On the basis of a focused history and physical examination with a comfortably full bladder, the diagnosis of SUI is fairly straightforward in the index patient. The sine–qua–non for a definitive diagnosis is for the examiner to witness involuntary urine loss from the urethral meatus coincident with increased abdominal pressure (positive stress test) such as those occurring during coughing and straining; a standing position may facilitate the diagnosis. Once the increase in abdominal pressure has subsided, flow through the urethra should subside. Rarely, one may witness urine loss after increases in intra–abdominal pressure. In this scenario, one should suspect that the incontinence is, at least in part, due to an abnormal detrusor contraction (stress– induced detrusor overactivity).

To assess differential diagnosis and comorbidities

The differential diagnosis of stress incontinence includes detrusor overactivity, low bladder compliance, overflow incontinence, stress–induced detrusor overactivity, urethral diverticulum, urinary fistula and ectopic ureter. Overflow incontinence is a clinical diagnosis, whereas detrusor overactivity, low bladder compliance, and stress–induced detrusor overactivity are essentially urodynamic diagnoses while urethral diverticulum and urinary fistula can be sometimes be confirmed on the basis of history and exam but may in some instances require urinary tract imaging or other procedures for confirmation. Various imaging techniques for urethral diverticula may be used. Urinary fistula and ectopic ureter may be diagnosed by examination, cystoscopy and upper and lower urinary tract imaging.

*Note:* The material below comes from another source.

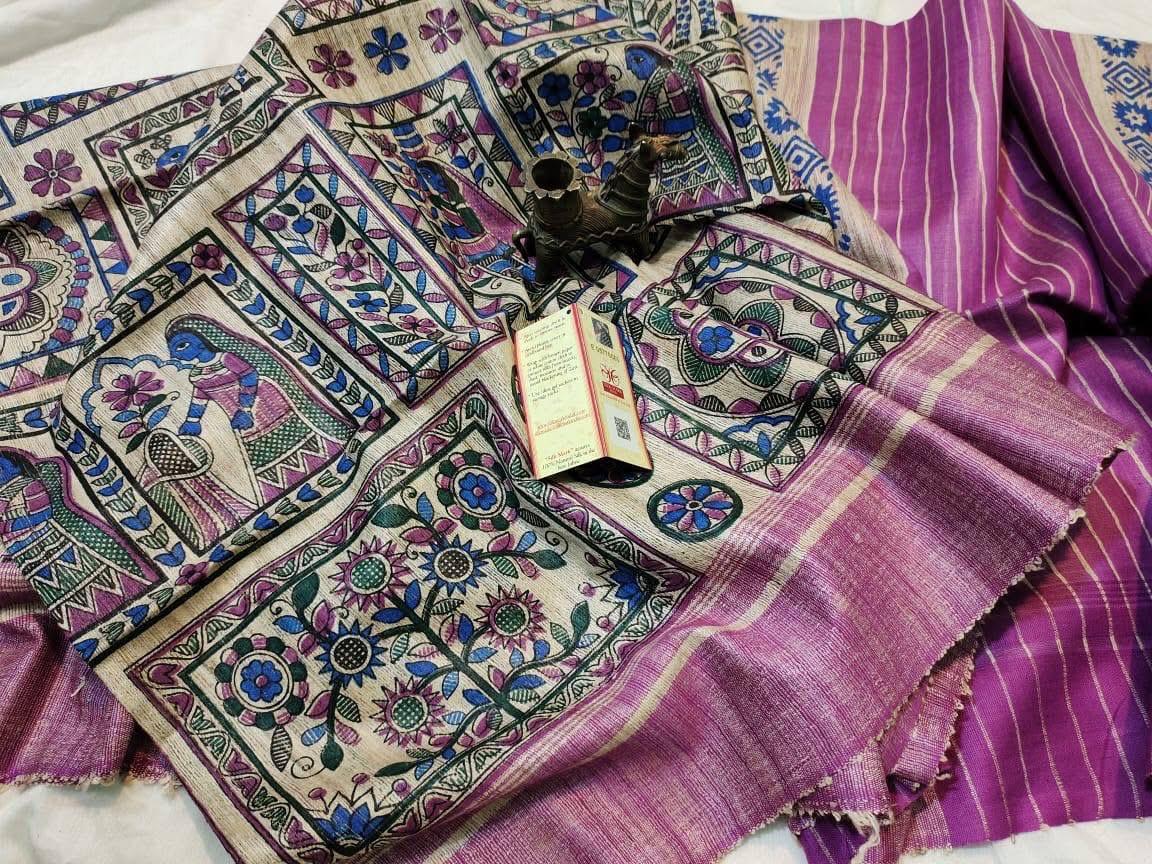 Screen Printed Pure Tussar Ghicha Silk Sari with blouse piece. Unique design on tussar silk.

Certain comorbidities relating to coexisting conditions might affect the outcome of treatment and influence surgical technique and the specifics of patient counseling. For example, a patient with mixed and stress incontinence who has a large post–void residual volume and impaired detrusor contractility might be counseled that her urge symptoms are more likely than usual to persist and that urinary retention is more likely. Further, the technique of surgery might be tailored such that a mid urethral, rather than bladder neck, sling is performed and it might be placed a bit looser than otherwise. These comorbidities include:

• urinary urgency and urge incontinence (diagnosed by history, questionnaire, bladder diary);
• anatomic features such as pelvic organ prolapse (diagnosed by history, exam); urethral mobility and other urethral abnormalities such as intrinsic stricture disease (diagnosed by cystoscopy, cotton–swab test, ultrasound);
• the number and location of ureteral orifices e.g. ectopic (diagnosed by cystoscopy);
• and/or
• the presence of detrusor overactivity, urethral obstruction, low bladder compliance and impaired or absent detrusor contractility (diagnosed by uroflow, postvoid residual volume determination, urodynamics).

To aid in prognosis and selection of treatment

There are few facts and many opinions about predicting the outcome of surgery based on the comorbidities described above, though few would disagree that operations for SUI should be confined to those who actually have demonstrable SUI, including occult SUI demonstrable only after reduction of pelvic organ prolapse. There is no standardized way to reduce a prolapse to unmask stress incontinence, and this patient falls outside the index patient identified by the panel. Nevertheless, an understanding of the specific comorbidities allows for individualized treatment planning, for informed consent and for the surgeon's estimate of a successful outcome and the potential occurrence of complications such as incomplete bladder emptying, persistent or de novo urgency/urge incontinence and recurrent sphincter incontinence. Urodynamic evaluation may be of assistance in elucidating complex presentations of incontinence.

Amendments to 1997 Standards, Recommendations and Options are indicated (words that are in italics denote changes from the 1997 guideline document to improve clarity).

Standard: The evaluation of the index patient should include the following components:

• Focused history
• Focused physical examination
• Objective demonstration of SUI
• Assessment of postvoid residual urine volume
• Urinalysis, and culture if indicated

[Based on Panel consensus]

Recommendation: Elements of the history should include the following:

• Characterization of incontinence (stress, urge, etc.)
• Frequency, bother and severity of incontinence episodes
• Impact of symptoms on lifestyle
• Patient's expectations of treatment

[Based on Panel consensus]

Recommendation: Additional diagnostic studies can be performed to assess the integrity and function of the lower urinary tract.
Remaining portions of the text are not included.